Task directions:
Starting at the line with "Obraz premium 日本の田舎の風景 1月 冬の山の木々と青空", copy each line through the last one below exactly as written, without any pictures.

--- Data block ---

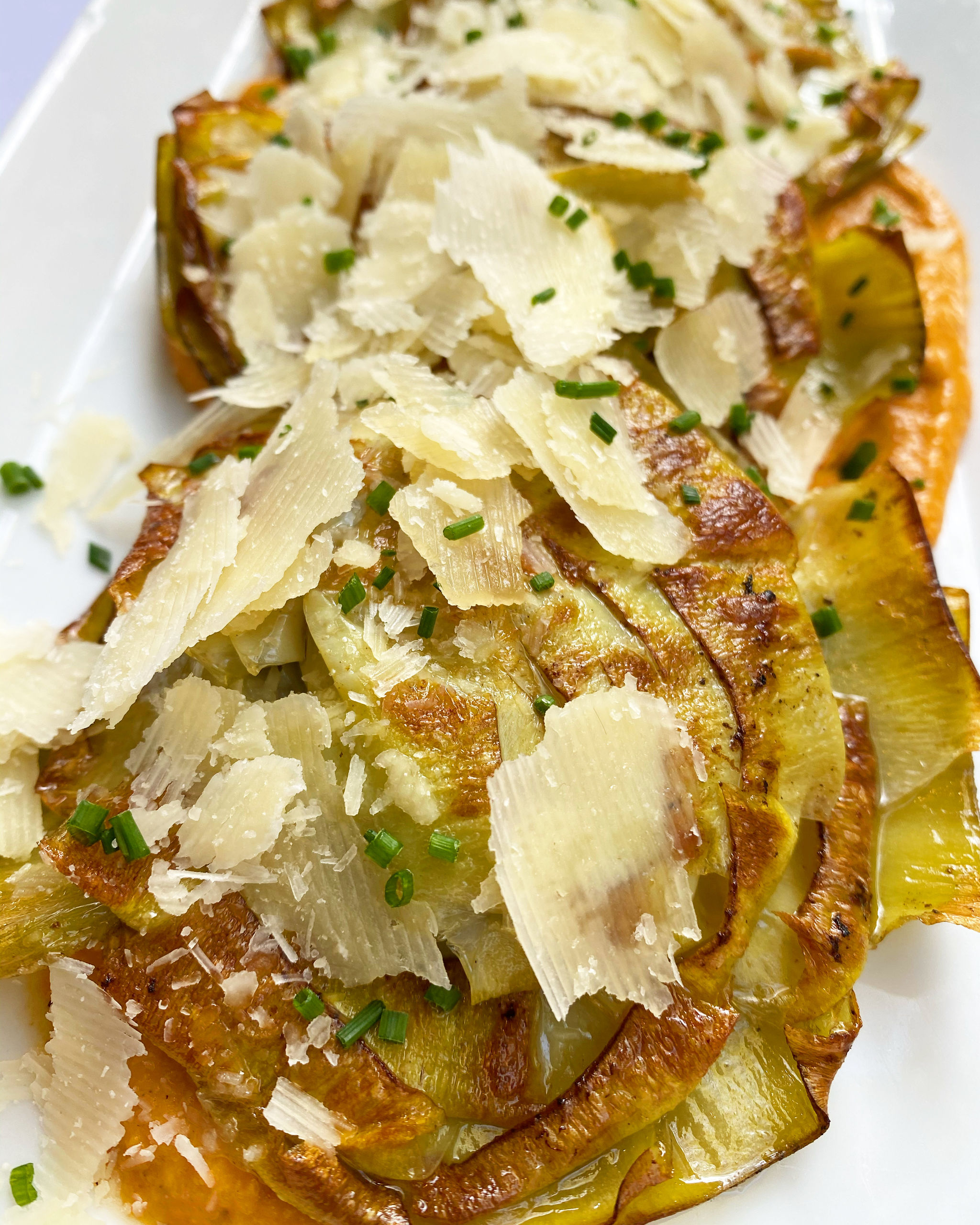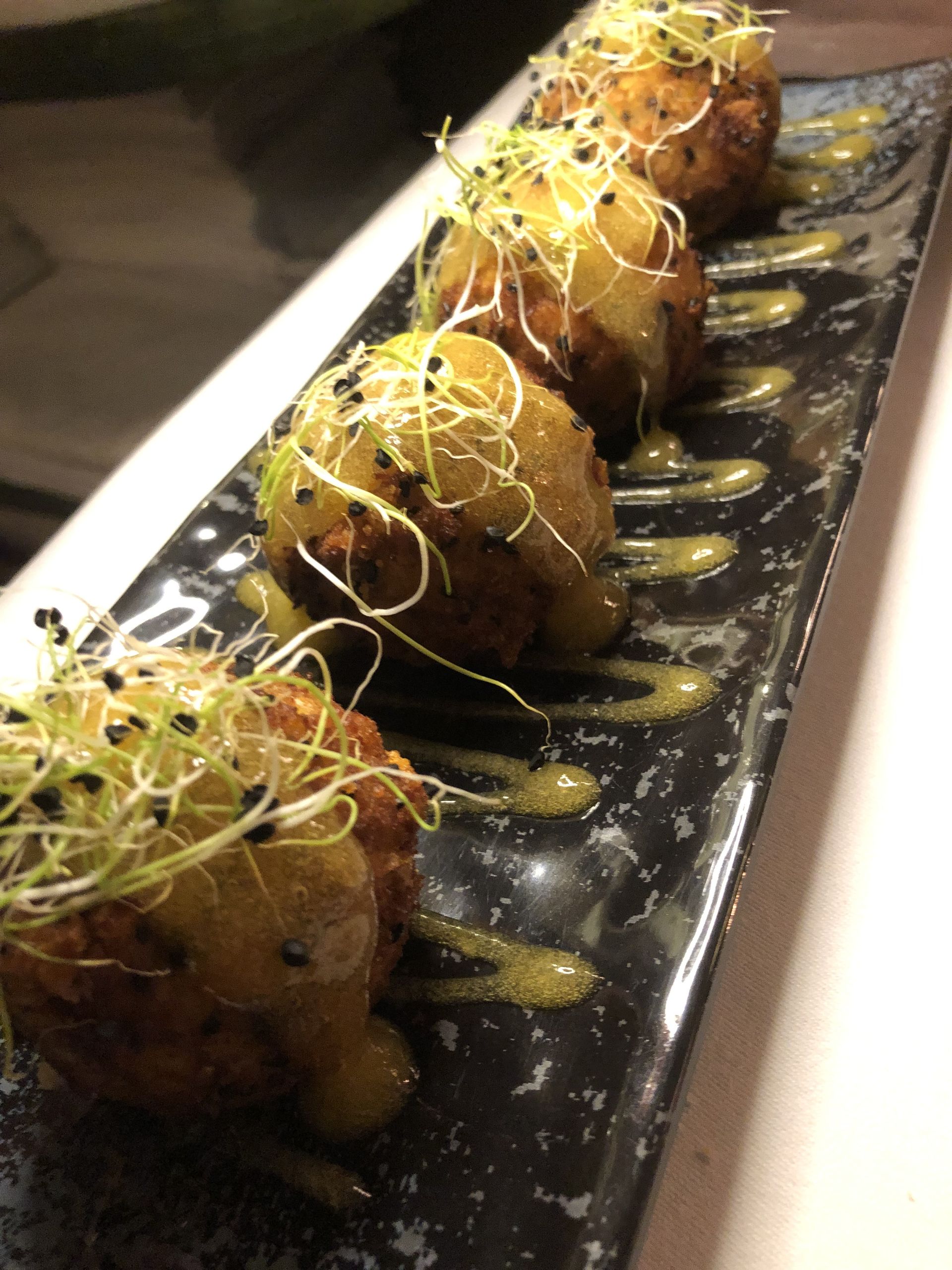 Croquetas de queso de cabra y frutos secos con miel y melocotón.
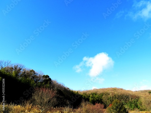 Obraz premium 日本の田舎の風景 1月 冬の山の木々と青空
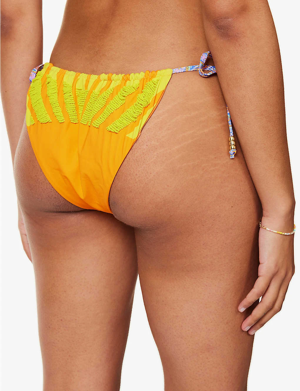- Mid-rise, elasticated waistband, adjustable laces at sides, gold-toned plaques, beds embellishment at front and back, fully lined, medium coverage at back

---

Task result:
 Obraz premium 日本の田舎の風景 1月 冬の山の木々と青空
- Mid-rise, elasticated waistband, adjustable laces at sides, gold-toned plaques, beds embellishment at front and back, fully lined, medium coverage at back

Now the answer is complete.